A: Mereka dapat dicampur dan dicocokkan asalkan spesifikasi dan dimensinya sama persis. Namun untuk memastikan kompatibilitas yang optimal, tetap disarankan untuk mengutamakan penggunaan produk dari merek yang sama. Q4: Apakah lapisan karet bagian dalam selang perlu dilepas selama proses pengeritingan?
J: Tidak, tidak. Lapisan karet bagian dalam sangat penting untuk kinerja penyegelan selang; melepasnya akan mengakibatkan kegagalan segel. Q5: Berapa masa garansi untuk selang berkerut di lapangan?

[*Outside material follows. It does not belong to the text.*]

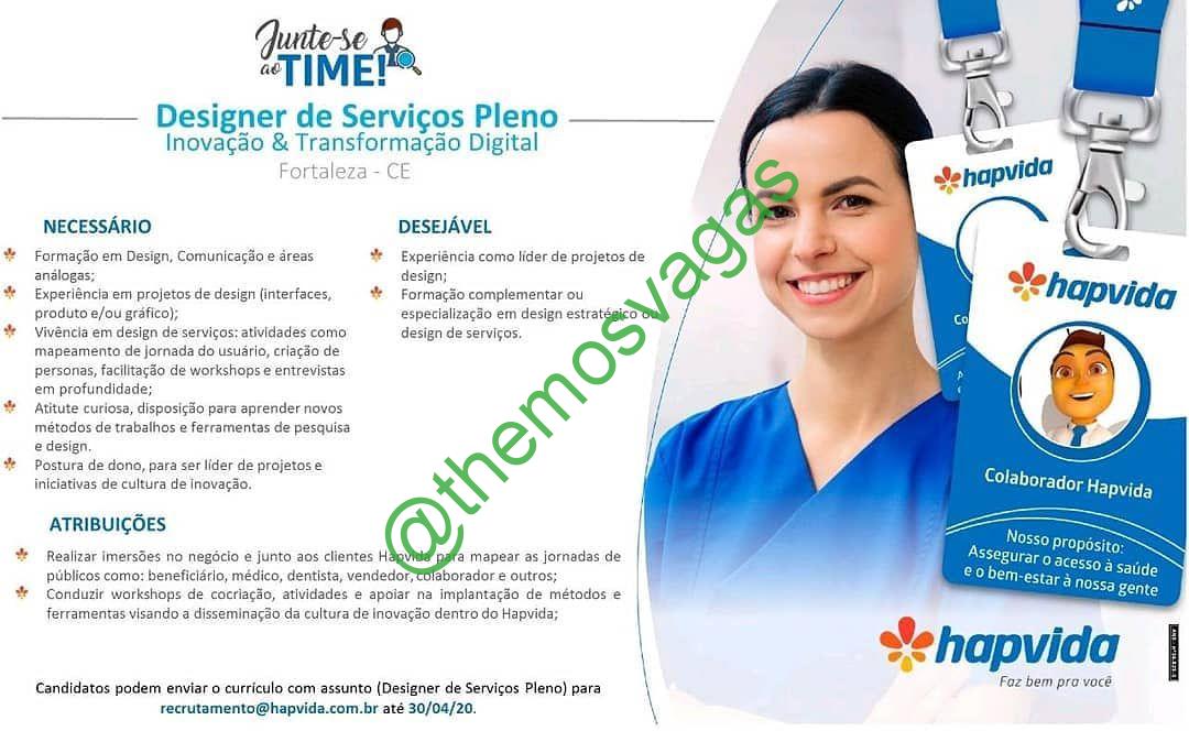 – Interessados(as) e que atendam ao perfil solicitado acima, devem até o dia 30/04/2020 enviar o currículo para o e-mail recrutamento@hapvida.com.br , colocando no título “Designer de Serviços Pleno”.

J: Dengan asumsi praktik operasional yang benar diikuti, masa garansi standar biasanya adalah 3 bulan atau 1.000 jam pengoperasian, mana saja yang lebih dulu.

VIII. Kesimpulan

Meskipun pengeritingan selang hidrolik excavator di lokasi mungkin tampak sederhana, hal ini sebenarnya memerlukan keahlian profesional tingkat tinggi dari teknisi; memang, kunci keberhasilan dalam tugas ini terletak pada pengendalian yang cermat terhadap setiap detail. Mulai dari pengukuran dimensi yang tepat dan pengupasan selang hingga penyesuaian parameter crimping yang akurat, setiap langkah harus dilakukan sesuai dengan standar dan spesifikasi yang ditetapkan. Penguasaan menyeluruh terhadap pedoman operasional standar ini tidak hanya memungkinkan tim pemeliharaan dengan cepat mengatasi malfungsi selang—sehingga meminimalkan kerugian mahal yang terkait dengan waktu henti peralatan—tetapi juga secara efektif mencegah kebocoran sekunder dan berbagai insiden terkait keselamatan. Sangat disarankan agar tim pemeliharaan di semua lokasi konstruksi dilengkapi dengan peralatan crimping selang portabel, serta seperangkat alat khusus dan bahan habis pakai yang lengkap, dan personel pemeliharaan menjalani pelatihan profesional dan penilaian keterampilan secara berkala. Harap diingat: satu operasi crimping yang terstandarisasi dan dilaksanakan dengan benar bernilai lebih dari sepuluh perbaikan darurat dan tergesa-gesa. Hanya dengan secara konsisten memprioritaskan perhatian terhadap detail dan secara ketat mematuhi semua standar operasional, kita dapat benar-benar menjaga keselamatan dan pengoperasian sistem hidrolik excavator yang stabil.